**EXERCISE GOAL**
The entries below contain a line with "3月20日下午,beats3" and a line with "Die Ferienwohnung befindet". Quote exactly those two lines and all lines between them.

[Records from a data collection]

BEGIN

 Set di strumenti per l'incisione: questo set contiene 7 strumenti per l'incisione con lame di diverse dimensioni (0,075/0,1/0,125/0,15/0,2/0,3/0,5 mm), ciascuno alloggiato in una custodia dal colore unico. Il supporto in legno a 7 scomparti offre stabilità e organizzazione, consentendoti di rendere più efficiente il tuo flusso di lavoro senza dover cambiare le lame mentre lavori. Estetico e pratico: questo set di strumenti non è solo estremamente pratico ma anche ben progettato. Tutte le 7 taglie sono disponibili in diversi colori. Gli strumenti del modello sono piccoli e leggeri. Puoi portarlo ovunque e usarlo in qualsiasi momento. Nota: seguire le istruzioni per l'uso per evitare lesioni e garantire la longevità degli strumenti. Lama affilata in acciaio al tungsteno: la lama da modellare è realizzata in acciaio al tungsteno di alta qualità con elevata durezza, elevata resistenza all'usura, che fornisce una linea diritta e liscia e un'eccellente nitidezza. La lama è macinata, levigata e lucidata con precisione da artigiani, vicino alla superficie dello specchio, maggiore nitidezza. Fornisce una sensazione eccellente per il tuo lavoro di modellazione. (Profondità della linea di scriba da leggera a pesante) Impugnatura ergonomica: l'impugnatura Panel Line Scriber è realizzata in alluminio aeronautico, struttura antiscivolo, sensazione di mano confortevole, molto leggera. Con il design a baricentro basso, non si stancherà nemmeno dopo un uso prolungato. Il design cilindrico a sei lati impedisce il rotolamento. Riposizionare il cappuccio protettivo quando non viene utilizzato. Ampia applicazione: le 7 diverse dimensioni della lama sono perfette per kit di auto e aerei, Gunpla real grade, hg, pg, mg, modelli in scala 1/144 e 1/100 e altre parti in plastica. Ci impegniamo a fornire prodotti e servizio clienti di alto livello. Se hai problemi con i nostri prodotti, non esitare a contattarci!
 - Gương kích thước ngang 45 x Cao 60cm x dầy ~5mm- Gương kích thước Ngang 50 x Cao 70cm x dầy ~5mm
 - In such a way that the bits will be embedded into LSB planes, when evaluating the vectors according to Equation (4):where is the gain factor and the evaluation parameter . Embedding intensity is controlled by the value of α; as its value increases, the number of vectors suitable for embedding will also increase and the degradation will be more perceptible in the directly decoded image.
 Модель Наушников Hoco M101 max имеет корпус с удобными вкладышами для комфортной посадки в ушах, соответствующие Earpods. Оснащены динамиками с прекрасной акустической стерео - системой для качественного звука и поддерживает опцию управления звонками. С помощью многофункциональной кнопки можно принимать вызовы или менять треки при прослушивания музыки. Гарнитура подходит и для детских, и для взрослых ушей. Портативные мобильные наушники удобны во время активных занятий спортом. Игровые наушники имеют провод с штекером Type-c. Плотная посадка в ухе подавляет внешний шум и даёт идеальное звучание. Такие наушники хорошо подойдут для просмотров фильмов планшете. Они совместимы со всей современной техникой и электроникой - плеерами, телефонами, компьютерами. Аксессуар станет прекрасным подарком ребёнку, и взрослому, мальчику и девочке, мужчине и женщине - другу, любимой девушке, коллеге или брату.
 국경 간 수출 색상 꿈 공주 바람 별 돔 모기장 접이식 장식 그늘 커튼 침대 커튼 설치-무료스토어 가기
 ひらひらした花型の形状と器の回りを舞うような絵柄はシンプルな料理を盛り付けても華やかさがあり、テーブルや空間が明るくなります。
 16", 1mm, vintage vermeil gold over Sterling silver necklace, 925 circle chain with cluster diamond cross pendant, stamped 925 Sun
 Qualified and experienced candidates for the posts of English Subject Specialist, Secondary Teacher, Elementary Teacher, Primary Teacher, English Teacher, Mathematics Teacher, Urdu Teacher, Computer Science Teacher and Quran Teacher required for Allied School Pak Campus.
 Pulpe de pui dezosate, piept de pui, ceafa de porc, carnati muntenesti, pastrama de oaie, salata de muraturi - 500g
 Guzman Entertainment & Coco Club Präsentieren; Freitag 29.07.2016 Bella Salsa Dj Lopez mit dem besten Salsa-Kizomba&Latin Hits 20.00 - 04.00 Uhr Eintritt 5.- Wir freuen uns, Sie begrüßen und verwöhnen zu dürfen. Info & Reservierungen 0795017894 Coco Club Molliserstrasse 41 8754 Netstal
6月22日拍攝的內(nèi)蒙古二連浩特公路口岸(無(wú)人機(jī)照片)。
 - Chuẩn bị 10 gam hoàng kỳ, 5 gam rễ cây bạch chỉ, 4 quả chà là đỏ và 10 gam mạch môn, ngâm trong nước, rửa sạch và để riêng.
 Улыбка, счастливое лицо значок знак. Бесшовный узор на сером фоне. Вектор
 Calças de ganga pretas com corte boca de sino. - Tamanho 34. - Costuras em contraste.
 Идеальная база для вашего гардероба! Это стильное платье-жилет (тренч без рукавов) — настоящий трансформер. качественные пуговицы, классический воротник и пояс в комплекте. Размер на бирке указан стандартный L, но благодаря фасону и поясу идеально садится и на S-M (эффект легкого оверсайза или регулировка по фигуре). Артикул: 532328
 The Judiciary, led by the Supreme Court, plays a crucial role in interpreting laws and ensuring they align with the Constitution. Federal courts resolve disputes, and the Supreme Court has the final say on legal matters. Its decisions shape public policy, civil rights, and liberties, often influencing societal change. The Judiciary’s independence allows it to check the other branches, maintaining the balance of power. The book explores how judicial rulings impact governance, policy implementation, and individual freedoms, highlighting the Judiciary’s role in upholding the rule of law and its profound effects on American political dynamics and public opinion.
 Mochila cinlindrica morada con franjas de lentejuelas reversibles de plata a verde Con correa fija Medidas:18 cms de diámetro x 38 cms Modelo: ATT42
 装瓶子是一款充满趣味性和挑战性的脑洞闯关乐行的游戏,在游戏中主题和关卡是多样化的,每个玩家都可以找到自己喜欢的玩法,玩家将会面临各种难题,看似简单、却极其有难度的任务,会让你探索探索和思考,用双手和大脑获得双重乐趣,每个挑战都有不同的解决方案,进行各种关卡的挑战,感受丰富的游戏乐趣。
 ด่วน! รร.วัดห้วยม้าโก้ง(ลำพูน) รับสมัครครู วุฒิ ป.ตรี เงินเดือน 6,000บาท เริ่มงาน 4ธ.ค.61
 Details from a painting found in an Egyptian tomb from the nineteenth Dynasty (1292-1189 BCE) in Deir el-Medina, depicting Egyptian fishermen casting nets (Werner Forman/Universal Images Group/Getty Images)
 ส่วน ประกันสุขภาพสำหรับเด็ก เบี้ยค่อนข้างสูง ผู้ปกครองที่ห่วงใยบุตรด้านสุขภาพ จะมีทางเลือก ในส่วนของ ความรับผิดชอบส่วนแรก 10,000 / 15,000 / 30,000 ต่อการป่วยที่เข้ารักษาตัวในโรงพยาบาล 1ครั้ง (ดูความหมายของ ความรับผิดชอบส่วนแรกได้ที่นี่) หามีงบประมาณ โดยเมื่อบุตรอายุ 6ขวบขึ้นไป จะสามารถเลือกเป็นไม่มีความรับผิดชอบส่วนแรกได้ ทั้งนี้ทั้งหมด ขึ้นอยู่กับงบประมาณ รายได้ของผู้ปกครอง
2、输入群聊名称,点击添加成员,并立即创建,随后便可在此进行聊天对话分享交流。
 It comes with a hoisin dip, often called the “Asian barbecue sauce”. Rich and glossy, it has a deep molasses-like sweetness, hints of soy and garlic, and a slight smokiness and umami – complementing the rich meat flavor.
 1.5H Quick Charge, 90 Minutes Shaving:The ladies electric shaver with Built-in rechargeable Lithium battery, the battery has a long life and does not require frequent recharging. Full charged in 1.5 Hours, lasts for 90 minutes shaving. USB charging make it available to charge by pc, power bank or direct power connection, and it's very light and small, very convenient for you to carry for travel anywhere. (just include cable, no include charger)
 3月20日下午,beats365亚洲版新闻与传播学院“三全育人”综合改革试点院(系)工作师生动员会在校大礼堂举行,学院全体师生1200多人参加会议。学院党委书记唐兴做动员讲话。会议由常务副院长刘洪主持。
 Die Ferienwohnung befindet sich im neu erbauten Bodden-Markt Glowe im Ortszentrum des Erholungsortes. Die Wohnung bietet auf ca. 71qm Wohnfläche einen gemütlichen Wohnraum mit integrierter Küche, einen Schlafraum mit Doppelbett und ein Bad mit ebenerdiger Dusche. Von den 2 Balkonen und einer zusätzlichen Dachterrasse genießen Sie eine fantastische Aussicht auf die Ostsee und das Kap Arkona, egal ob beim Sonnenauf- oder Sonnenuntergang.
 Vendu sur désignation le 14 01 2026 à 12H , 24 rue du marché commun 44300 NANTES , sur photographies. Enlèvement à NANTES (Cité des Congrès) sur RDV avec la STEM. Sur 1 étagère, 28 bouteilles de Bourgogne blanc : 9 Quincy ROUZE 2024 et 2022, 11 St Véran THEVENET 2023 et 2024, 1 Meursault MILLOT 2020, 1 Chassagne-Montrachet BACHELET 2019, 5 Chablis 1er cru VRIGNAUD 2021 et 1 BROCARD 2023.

END

**RESPONSE AREA**
 3月20日下午,beats365亚洲版新闻与传播学院“三全育人”综合改革试点院(系)工作师生动员会在校大礼堂举行,学院全体师生1200多人参加会议。学院党委书记唐兴做动员讲话。会议由常务副院长刘洪主持。
 Die Ferienwohnung befindet sich im neu erbauten Bodden-Markt Glowe im Ortszentrum des Erholungsortes. Die Wohnung bietet auf ca. 71qm Wohnfläche einen gemütlichen Wohnraum mit integrierter Küche, einen Schlafraum mit Doppelbett und ein Bad mit ebenerdiger Dusche. Von den 2 Balkonen und einer zusätzlichen Dachterrasse genießen Sie eine fantastische Aussicht auf die Ostsee und das Kap Arkona, egal ob beim Sonnenauf- oder Sonnenuntergang.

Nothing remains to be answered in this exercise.